Week 4: Recognizing Handwritten Digits
Image credits: Deep Learning by Michael Nielsen
MNIST: Modified National Institute of Standards and Technology
Consider handwritten digits from the MNIST database. Each digit is made up of \(28 \times 28 = 784\) grayscale pixels.
- Consider the \(784\) pixel values as the input values to a function.
- Is there a function \(y = f(x)\) whose output gives the digit number?
- Specifically, with \(x \in \R^{784}\) and \(y \in \R^{10}\) we want a function \(f(x)\) as follows:
\[ f(x) = \left\{ \begin{array}{cl} \bmat{1 & 0 & \cdots & 0} & \text{if } x \text{ is an image of a } 0 \\ \bmat{0 & 1 & \cdots & 0} & \text{if } x \text{ is an image of a } 1 \\ \vdots & \vdots \\ \bmat{0 & 0 & \cdots & 1} & \text{if } x \text{ is an image of a } 9 \end{array} \right. \]

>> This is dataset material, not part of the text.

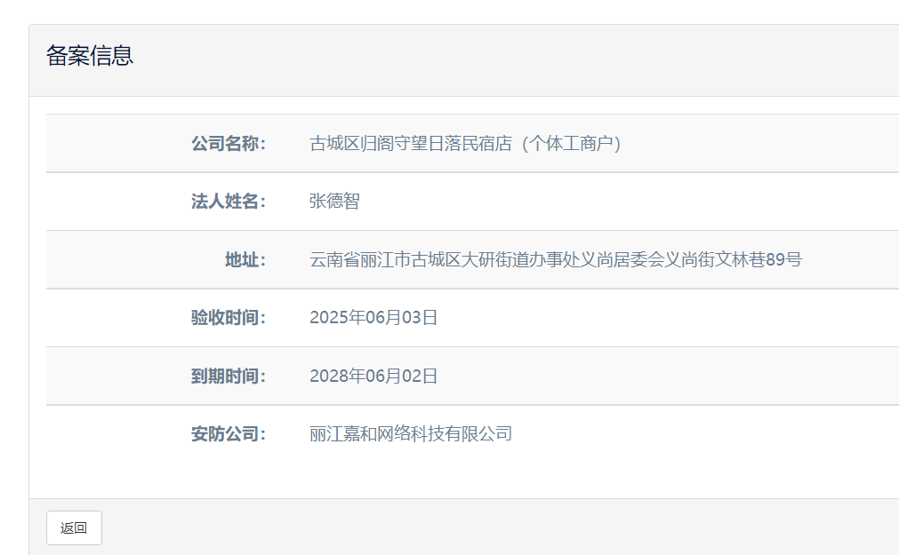 關(guān)于古城區(qū)歸閣守望日落民宿店(個體工商戶)電子監(jiān)控安防合格證下證通知

- A neural network is a way to construct such a function \(f(x)\).
Network to identify handwritten digits
Pixel values: \(x \in \R^{784}\).
Outputs: \(a = f\left(x; {W}, {b}\right) \in \R^{10}\).
\({W}^{(2)} \in \R^{15 \times 784}\) \({b}^{(2)} \in \R^{15}\)
\({W}^{(3)} \in \R^{10 \times 15}\) \({b}^{(3)} \in \R^{10}\)
\(z^{(2)} = {W}^{(2)} x + {b}^{(2)}\) with output \(\sigma\left(z^{(2)}\right)\)
- \(x \in \R^{784}\)
- \({W}^{(2)} \in \R^{15 \times 784}\)
- \({b}^{(2)} \in \R^{15}\)
\(z^{(3)} = {W}^{(3)} \sigma\left(z^{(2)}\right) + {b}^{(3)}\) with output \(a = \sigma\left(z^{(3)}\right)\)
- \({W}^{(3)} \in \R^{10 \times 15}\)
- \({b}^{(3)} \in \R^{10}\)